Police Chief George Kral said the hand-held devices send image and speed information to Redflex Traffic Systems, the Arizona-based firm that maintains the city’s stationary-camera system and keeps a percentage of the fines.

“It’s basically the exact same procedure that would be for the visionary cameras,” the chief said.

Officers could stand or sit on a bridge over a freeway such as I-75 or I-475 and capture dozens or even hundreds of speeders’ license plates in a single day.

“We don’t have to jump in a police car and chase them down,” Chief Kral said. “It’s just another way to ensure public safety. Speeding and reckless operation is a huge ... concern.”

Councilman Larry Sykes weighed in on the idea Friday, suggesting that speeding is a particular problem in school zones.

Camera citations, assessed as civil penalties, cost violators $120, of which $90.25 belongs to the city. That suggests the Hicks-Hudson administration expects officers to catch at least 8,865 speeders with the hand-held devices.

Automated red-light and speed cameras have withstood numerous legal challenges in Ohio, including a 2008 Ohio Supreme Court ruling. But the Ohio General Assembly thought it could end unpopular traffic-camera enforcement with a provision requiring a full-time officer to be present when an automated enforcement camera catches a speeder. Hand-held cameras comply with that part of the law.

State Sen. Bill Seitz (R., Cincinnati), who views camera enforcement as a municipal cash grab, helped write the law that had been viewed as effectively prohibiting camera enforcement.
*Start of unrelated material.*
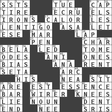 ACROSS 1. Fast planes 5. Third day of the wk. 8. Head covering 11. Become fatigued 12. Shade of tan 14. Raised railways 15. Metal shackles 17. Bodily heat indicating an inflammation 18. French article 19. Small, flat, pigmented spot on the skin 21. White ___ sheet 22. Allow 23. Compass dir. 24. Make imperfect 25. Infant locale 27. Writing instrument 28. Burn to charcoal 31. Actor Lugosi 35. Directed 37. Heavy book 38. Lyric poems 39. Black tropical American cuckoo 41. Singles 42. Prejudice 43. Santa ___, CA 45. Monthly bill 46. Bristle 47. Curve 49. Part of HMS, perhaps 51. Teachers' org. 52. Be seated 55. "We ___ not amused" (Victoria) 57. Eastern Standard Time (abbr.) 60. Substance 62. Oblong piece of solid material 63. One who wires 65. Leg joints 66. Whopper 67. Part of speech 68. Gouge 69. Conclude 70. Born 71. Indian titles of respect DOWN 1. Vertical member of a panel or frame 2. Founders of families 3. Heavy duty weighing machine 4. Emitted 5. Afternoon social gathering 6. Southern CA. univ. 7. Greek god of love 8. Portable communications device 9. Toward shelter 10. Inconspicuous attention getter 13. Mountain range 16. Simple or foolish person 17. Pupil covering 20. Highlander 26. Thespian 29. So be it 30. Repose 31. Moves up and down 32. Singer Brickell 33. Resembling or made to resemble leather 34. Slender Brazilian palm 36. Heredity factor (abbr.) 40. More lacking in sense or substance 44. Ancient Greek god of war 48. Keg 50. Stitched 52. Scornful expression 53. Ancient Celtic tribe of eastern Britain 54. Trials 55. Competent 56. Precipitation 58. The Jewish people; Israel 59. Loyal 61. Conclusions 64. Compass dir.

Accusing the state legislature of “economic dragooning,” Lucas County Common Pleas Judge Dean Mandros in October ruled that Ohio may not withhold funding from the city of Toledo for operating traffic-enforcement cameras.

He had ruled in April that portions of the state law that restricted such cameras’ use unconstitutionally violated the city’s home-rule powers. Among the provisions he cited was its requirement that a police officer be present at all times when a traffic camera is in use.

The General Assembly subsequently approved a budget bill that said any city that disregarded the camera law would have the amount of the gross fines billed from its traffic cameras deducted from the local-government funds it receives from the state.

The mayor’s proposed 2016 general fund budget also increases what Toledoans pay monthly for trash collection, pushes back the hiring of new police officers and firefighters, and transfers $10.4 million out of the fund used for street repaving to pay for general expenses. Under the plan, the city’s monthly trash fee would be raised from $8.95 to $15 for most households, while senior citizens with homestead exemptions would pay $8.50 instead of $5.

The spending plan — which was due before today and must be approved by Toledo City Council by March 31 — estimates the city’s income tax will generate $167.5 million next year. That is 1.22 percent less than the $169.56 million the city had hoped to collect in 2015. The city expects to collect about $167 million from the tax this year.